EXERCISE OBJECTIVE: The copy you return should hold only the lines from the top of the data below through the line with "金沢市中心地の3階建てビルの", each duplicated exactly and with no pictures.

------------------------------------------------------------------------

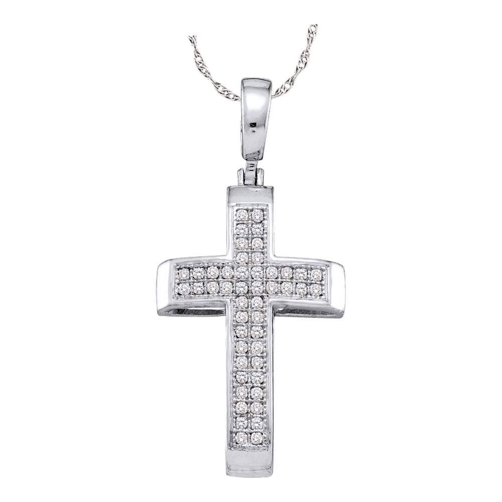 10kt White Gold Womens Round Diamond Cross Pendant 1/6 Cttw
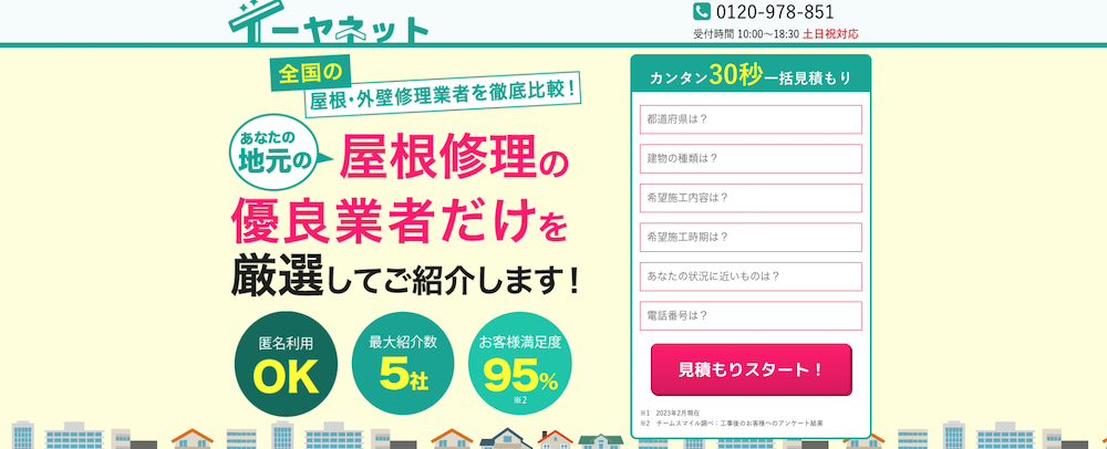 - 特徴: 日本最大級の屋根修理専門サイトで、地元の優良業者を「匿名」で一括比較できるのが魅力。
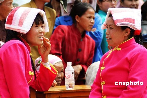 3月29日,广西凤山县袍里乡坡心村附近的乡、村、屯群众,聚集在凤山国家地质公园三门海景区举行山歌比赛,壮、汉、瑶民族群众纵情歌唱。当日是壮族传统歌节“三月三”,凤山县各族群众举行了对山歌、赛球、拔河等各种娱乐活动,欢度传统节日。中新社发 周恩革 摄
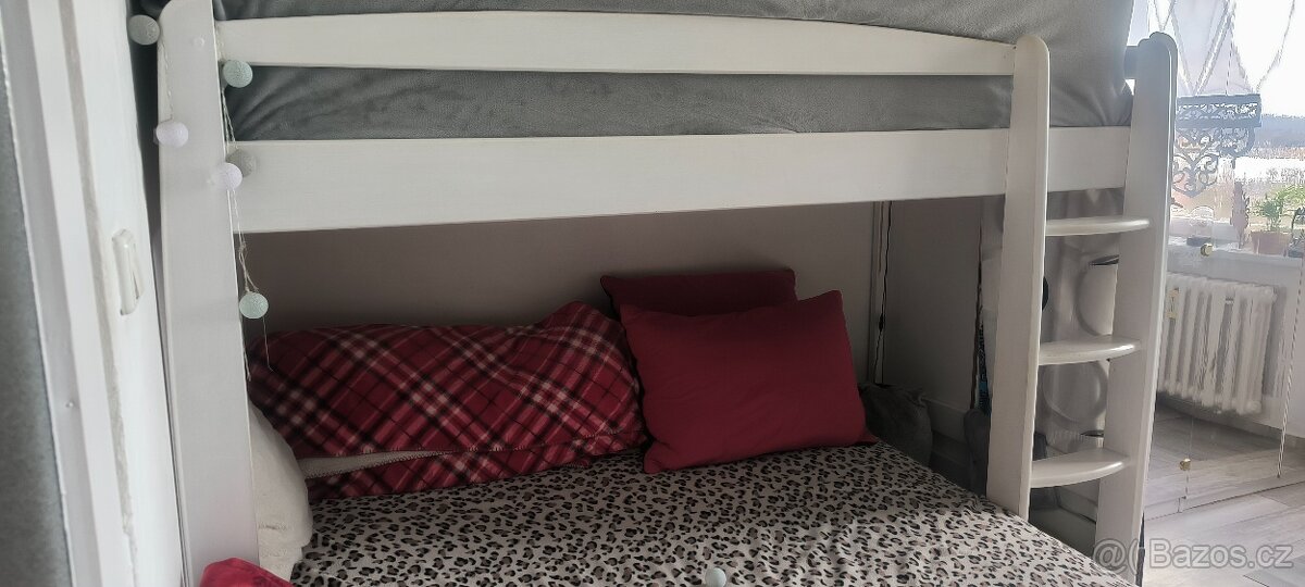 Prodám poschoďovou postel dřevěná smrková s matrací a roštem míry cca 2M x 90cm x 160 cm
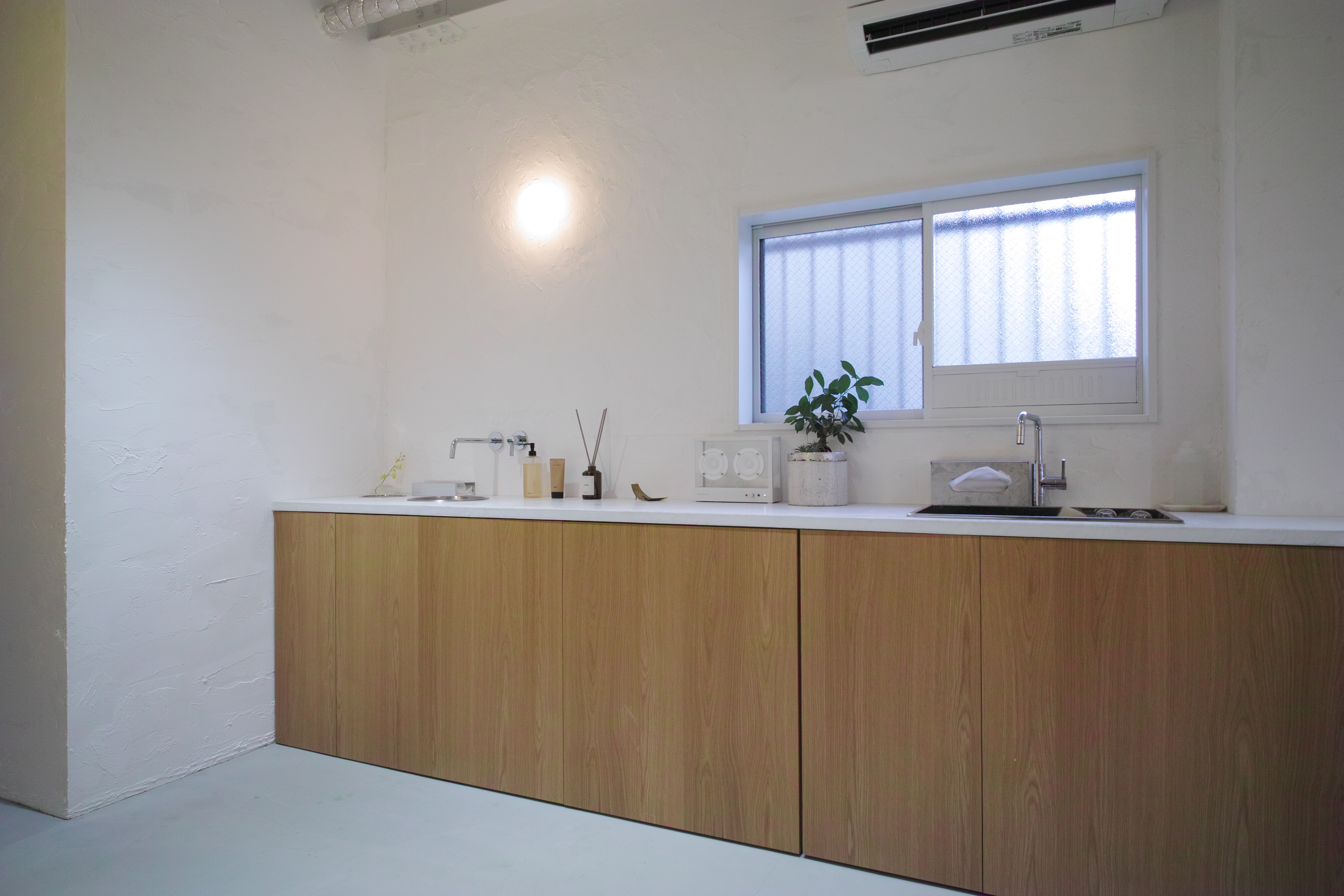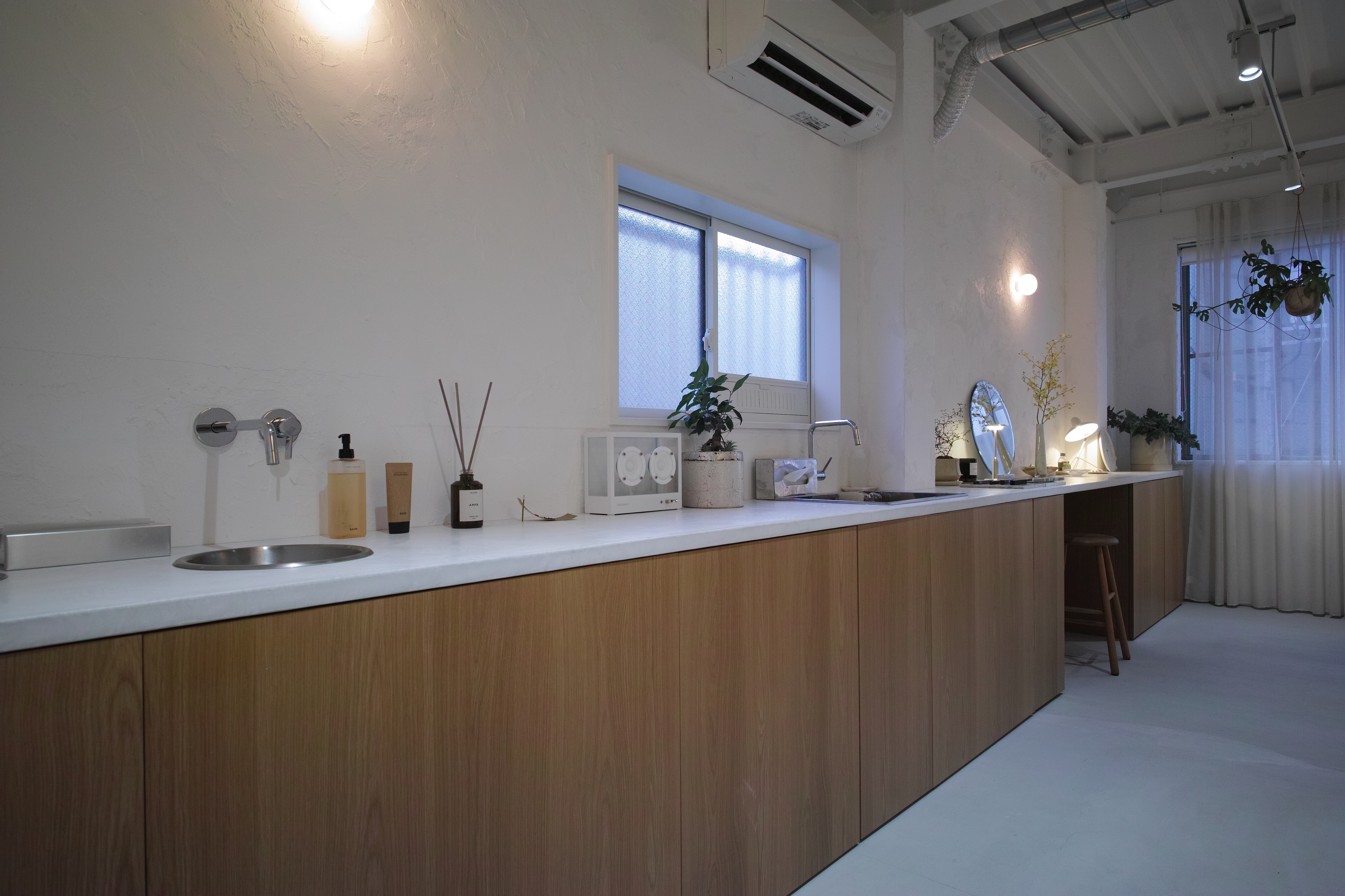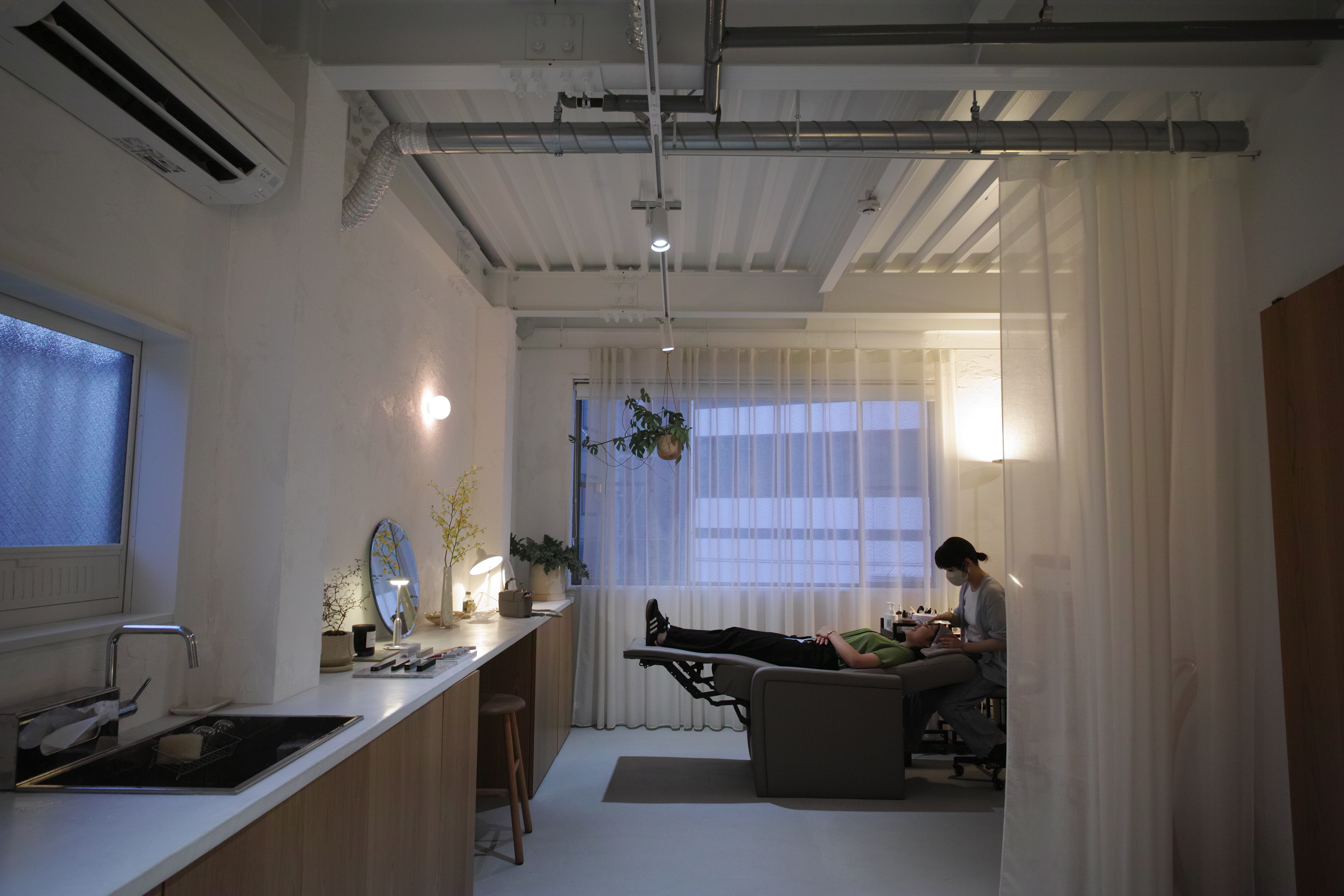 金沢市中心地の3階建てビルの2Fワンフロアをリノベーションしました。20帖ほどの空間を全て鉄骨表しとして空間を最大限広げつつ、白を基調とした内装と落ち着きのある照明計画で居心地の良いアイラッシュサロンを目指しました。所々に散りばめられた北欧家具と空間の調和を考えました。
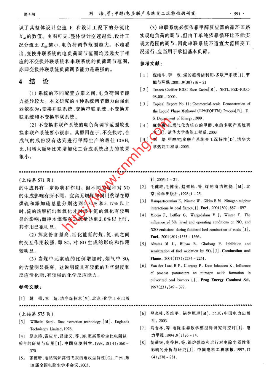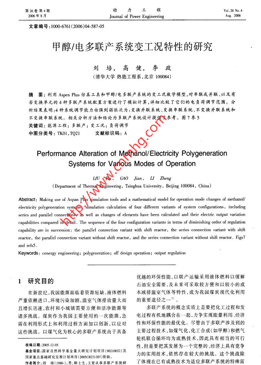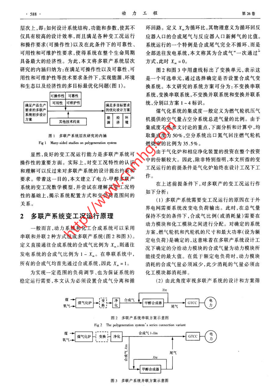 第26卷第4期Vol. 26 No.42006年8月Jourmal of Power EngineeringAug. 2006文章編號: 000-6761(2006)04 -587-05甲醇/電多聯(lián)產(chǎn)系統(tǒng)變工況特性的研究劉培,高健,李政(清華大學(xué)熱能工程系,北京100084)摘要:利用Aspen Plus仿真工具和甲醇/電多聯(lián)產(chǎn)系統(tǒng)的變工況數(shù)學(xué)模型,對串聯(lián)或并聯(lián)、以及有否變換單元的4種多聯(lián)產(chǎn)系統(tǒng)配置方案進行了模擬計算,詳細比較了它們的電負荷調(diào)節(jié)范圍。分析結(jié)果表明:4種系統(tǒng)調(diào)節(jié)能力由強到弱依次為:變換并聯(lián)系統(tǒng)、變換串聯(lián)系統(tǒng)、不變換并聯(lián)系統(tǒng)和不變換串聯(lián)系統(tǒng)。相關(guān)分析方法和結(jié)論為多聯(lián)產(chǎn)系統(tǒng)設(shè)計提供了參考。圖7參5關(guān)鍵詞:能源工程;多聯(lián)產(chǎn);變工況;負荷調(diào)節(jié)中圖分類號: TK01 ,TQ21文獻標(biāo)識碼: APerformance Alteration of Methanol/ Electricity PolygenerationSystems for Various Modes of OperationLIU Pei, GAO Jian, LI Zheng(Department of Thermal Engineering, Tsinghua University, Beiing 100084, China)Abstract: Making use of Aspan Plus simulation tools and a mathematical model for operation mode changes of methanol/electricity polygeneration systems, simulation calculation of four different variants of system configurations ,includingseries and parallel connections, as well as changes of elements have been calculated and their eletric output variationcapabilties compared in detail . The sequence of the four configuration variants in terms of diminishing order of regulationcapability are in succession: the parallel connection variant with shift reactor, the series connection variant with shiftreactor, the parallel connection variant without shift reactor, and the series connection variant without shift reactor. Figs7and refs5 .Keywords: cenergy engineering; polygeneration; off design operation; output regulation優(yōu)越的環(huán)保性能,以聯(lián)產(chǎn)運輸采用液體燃料以緩解1研究目的石油安全需要,及未來可采取較方便和以較小的成在新世紀(jì),我國能源面臨著資源短缺,液體燃料本減排溫室氣體等特性,成為我國煤炭現(xiàn)代化利用嚴(yán)重依賴進口,環(huán)境污染加劇,溫室氣體排放量大而的重要途徑之一”。且增長迅速,農(nóng)村和小城鎮(zhèn)需要方便和潔凈能源等多聯(lián)產(chǎn)系統(tǒng)的概念實質(zhì)上是要把化工過程和發(fā)諸多挑戰(zhàn)。煤炭作為我國主要使用的一次能源,急電過程有機地耦合在- - 起,力爭實現(xiàn)能量利用、經(jīng)濟需在利用形式上和利用過程方面加以創(chuàng)新,以應(yīng)對性和環(huán)保性能的最優(yōu)化。盡管由于多聯(lián)產(chǎn)涉及到的這些挑戰(zhàn)。以煤氣化為核心的多聯(lián)產(chǎn)系統(tǒng)由于具備主要過程技術(shù),如煤氣化,化工合成(如甲醇)和燃氣輪機聯(lián)合循環(huán)均為成熟技術(shù),因此具有相當(dāng)?shù)目尚惺崭迦掌?2005-12-05性,但是要把其發(fā)展為一個完整的、經(jīng)濟上具有競爭基金項目:國家自然科學(xué)基金重大研究計劃項目(90210032)及力的實用技術(shù),依然存在較大的挑戰(zhàn)。這個挑戰(zhàn)除國家重點基礎(chǔ)研究發(fā)展計劃項目(2005CB221207)資助。作者簡介:劉培(1980-),男 ,碩士生,主要從事多聯(lián)產(chǎn)系統(tǒng)研了體現(xiàn)在已有成熟技術(shù)為適應(yīng)多聯(lián)產(chǎn)系統(tǒng)的特殊需方方數(shù)據(jù)要尚需改變和改進外,更重要的則體現(xiàn)在系統(tǒng)集成588動力工程第26卷層次.上,即:如何設(shè)計系統(tǒng)結(jié)構(gòu),功能和參數(shù),使其不環(huán)回路。定義x為循環(huán)比,其物理意義為循環(huán)回反僅具有較高的設(shè)計效率,而且滿足各種變工況運行應(yīng)器入口的合成尾氣與反應(yīng)器入口新鮮氣的比值。和操作要求(可操作性)以及在此條件下的可靠性、系統(tǒng)運行的- 一個特例是合成尾氣完全不循環(huán)、而是.可用性和可維護性要求,使得系統(tǒng)在整個生命周期全部送往發(fā)電系統(tǒng),本文稱其為合成氣“一次通過”具備最大的經(jīng)濟性。為此,本文將多聯(lián)產(chǎn)系統(tǒng)層次方式,此時X。=0。研究的內(nèi)涵歸納為:在滿足可操作性以及可靠性、可圖2和圖3中用虛線標(biāo)出了變換單元,表示這用性和可維護性等技術(shù)要求條件下,實現(xiàn)能源、環(huán)境是一個可選單元,通過選擇確定是否設(shè)置合成氣變和生態(tài)以及經(jīng)濟性的多目標(biāo)最優(yōu)化問題(圖1)。換系統(tǒng)。本文研究的系統(tǒng)方案可分為:不變換串聯(lián)可操作性 可靠性系統(tǒng),變換串聯(lián)系統(tǒng),不變換并聯(lián)系統(tǒng)和變換并聯(lián)系滿足產(chǎn)品生產(chǎn)可用性可維護性滿足多目標(biāo)要求統(tǒng),分別以方案1~4標(biāo)識。要求的多聯(lián)產(chǎn)|的優(yōu)化設(shè)計方案煤氣化系統(tǒng)的集成度-般定義為燃氣輪機壓氣系統(tǒng)初步設(shè)計方能經(jīng)環(huán)機提供的空氣量占空分系統(tǒng)總進氣量的比例。由于其他技術(shù)約束集成度不是本文討論的重點,下面分析和計算中,均圖1多聯(lián)產(chǎn) 系統(tǒng)層次研究的內(nèi)涵取集成度為50% ,空分系統(tǒng)出口氮氣回注燃氣輪機Fig 1 Many- sided studies on polygeneration system燃燒室的比例為35.5%。顯然,良好的變工況運行能力是多聯(lián)產
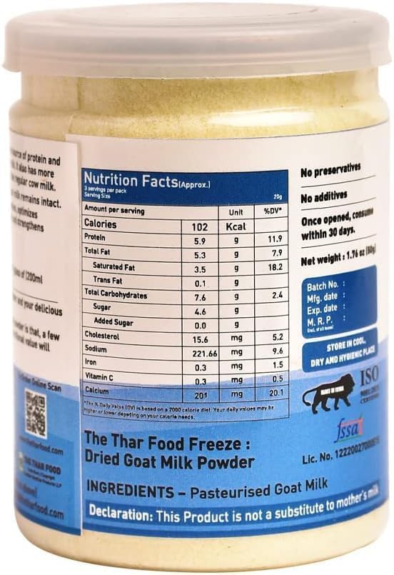 • Pure & Natural: Thar Food Goat Milk Powder is 100% pure & natural with zero additives and preservatives. It is lab tested and manufactured in ISO certified plants.
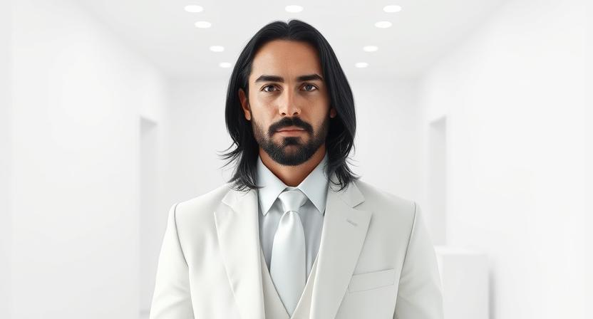 Suddenly another “man” appears. This man’s a little shorter than me. His skin is brown, his hair straight and black, and his eyes are brown. He looks as if he’s of Middle-Eastern descent. He has a mid-length beard and mustache the same color as his hair. He’s dressed in all white: white suit, shirt, suit vest, tie, socks and dress shoes…everything white, which also makes his skin, hair, and eyes really pop-off. He’s clean and very impressive to look at.
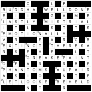 Most complex wordplay for me was GREASEPAINT, with the older form of “isn’t”, and the order of the parts (put on).
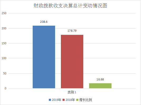 2019年财政拨款收、支总计208.6万元。与2018年相比,财政拨款收、支总计各增加29.81万元,增长16.68%。主要变动原因是人员增加、公用经费增加。
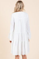 The Tiered Notched Flare Sleeve Dress features tiered layers and a notched design at the neck, adding a stylish touch to the dress. The flare sleeves offer a trendy element to the overall silhouette. This dress is perfect for a variety of occasions and can be dressed up with heels for a more formal look or dressed down with flats for a casual vibe.
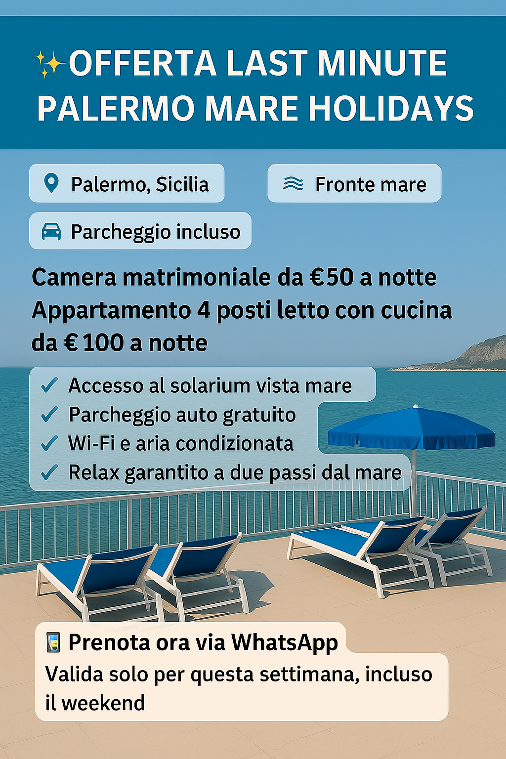✨ Offerta Last Minute a Palermo Fronte Mare – Da €50 a Notte! ✨

------------------------------------------------------------------------

ANSWER BELOW:
 10kt White Gold Womens Round Diamond Cross Pendant 1/6 Cttw
 - 特徴: 日本最大級の屋根修理専門サイトで、地元の優良業者を「匿名」で一括比較できるのが魅力。
 3月29日,广西凤山县袍里乡坡心村附近的乡、村、屯群众,聚集在凤山国家地质公园三门海景区举行山歌比赛,壮、汉、瑶民族群众纵情歌唱。当日是壮族传统歌节“三月三”,凤山县各族群众举行了对山歌、赛球、拔河等各种娱乐活动,欢度传统节日。中新社发 周恩革 摄
 Prodám poschoďovou postel dřevěná smrková s matrací a roštem míry cca 2M x 90cm x 160 cm
 金沢市中心地の3階建てビルの2Fワンフロアをリノベーションしました。20帖ほどの空間を全て鉄骨表しとして空間を最大限広げつつ、白を基調とした内装と落ち着きのある照明計画で居心地の良いアイラッシュサロンを目指しました。所々に散りばめられた北欧家具と空間の調和を考えました。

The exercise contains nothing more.